Cuba broke back into the news in the past month just in time to focus extraordinary public attention on the results of a three-year Archive project to uncover the hidden history of U.S. policy towards Cuba. The October 6 issue of The New York Review of Books features a 6,000-word article by Archive senior analyst Peter Kornbluh and James Blight of Brown University titled "Dialogue with Castro: A Hidden History," laying out the previously secret story of then-Secretary of State Henry Kissinger's failed attempt to achieve a détente with Fidel Castro in the mid-1970's -- a story with many lessons for today's U.S.-Cuba policy choices.

With the New York Review, we staged a press conference to release the article and the documents, and you may have seen part of the ensuing media splash over the past month, as the immigration crisis in the Florida Straits brought the Clinton administration and the Castro regime to the negotiating table. Peter and Jim's article also appeared in edited or translated versions in the Miami Herald and Proceso magazine in Mexico City. Our September 8 press conference was broadcast by C-SPAN; the Associated Press story by George Gedda on the press confer ence ran in dozens of newspapers across the country-and Peter appeared on National Public Radio's All Things Considered and in a score of other radio and TV interviews.

Working from a single 1977 newspaper story and hints in several books on U.S.- Cuba relations, Peter Kornbluh and his colleagues James Blight, Janet Lang, Philip Brenner and Jorge Domínguez, unraveled this tightly-held story through a series of oral history and interview sessions with Kissinger and his top aides Lawrence Eagleburger and William Rogers, with the Cuban emissaries who negotiated with the Americans, as well as with various private intermediaries who played a role in the talks. With help particularly from Bill Rogers (former Assistant Secretary of State for Latin America), Peter was spectacularly successful in gaining the declassification of key State Department papers which documented this previously secret initiative.

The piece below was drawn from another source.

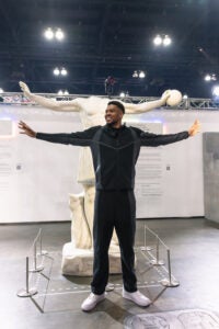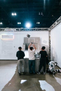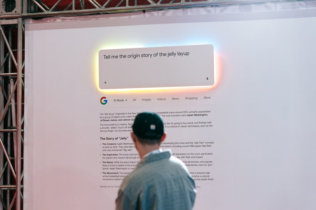 Google invited NBA Crossover fans to “ask anything about the game” at The Search Bar. Google Search’s AI Mode was translated into an art gallery-inspired space with larger-than-life installations, like a jelly mold, marble player statue, hanging Wilson rock, painting of a basketball game scene and concrete-block hoops setup. Upon entering the space, attendees received a small crossword puzzle, and at each exhibit, they had to find a keyword—such as JELLY, ROCK and AIMODE—to complete the puzzle and receive a giveaway.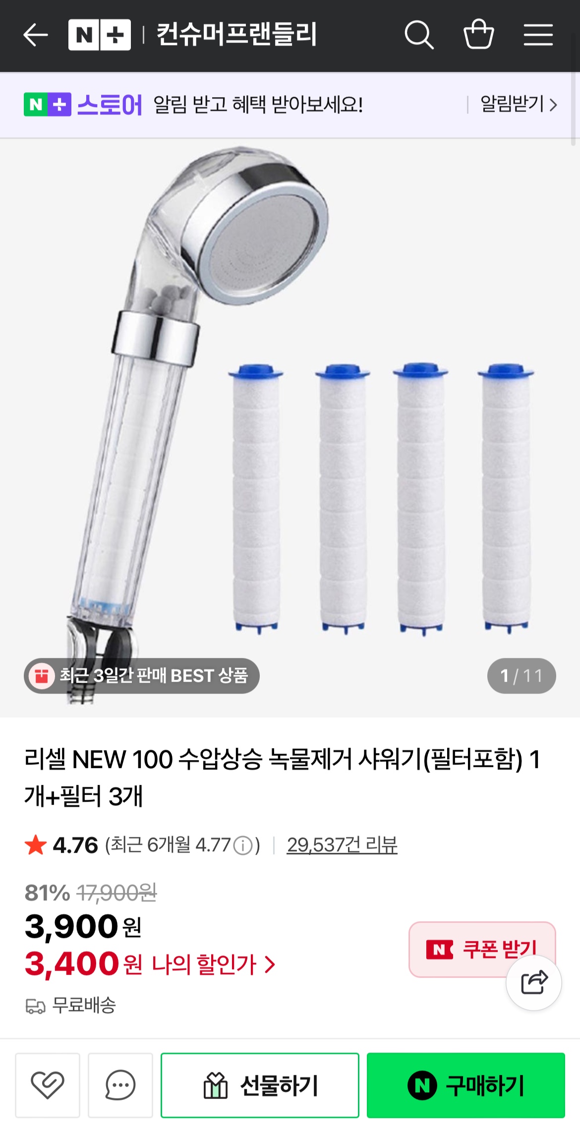 [네이버] 리셀 new 100 수압상승 녹물제거 샤워기(필터포함) + 필터 3개 (3,900원/무료)

The enclosed document-of-the-month is in many ways the most thought-provoking of the newly released secrets, providing great insight into Kissinger's decision-making. One of Rogers' deputies, Culver Gleysteen, took notes of one of the key meetings during the initiative, on June 9, 1975, including Kissinger, Eagleburger, Rogers, and Winston Lord (Lord now serves the Clinton administration as Assistant Secretary of State for East Asian and Pacific Affairs). The group discussed the upcoming meeting in San Jose, Costa Rica, of the Organization of American States, where the OAS would vote to remove multilateral sanctions on Cuba, and various pressures from Canadian business interests and from members of Congress for dealing directly with Cuba. These notes contain Kissinger's remarkable directive for dealing with Castro: "Behave chivalrously; do it like a big guy, not like a shyster. Let him know: We are moving in a new direction;... we'd like to synchronize; steps will be unilateral; reciprocity is necessary." Enjoy your reading.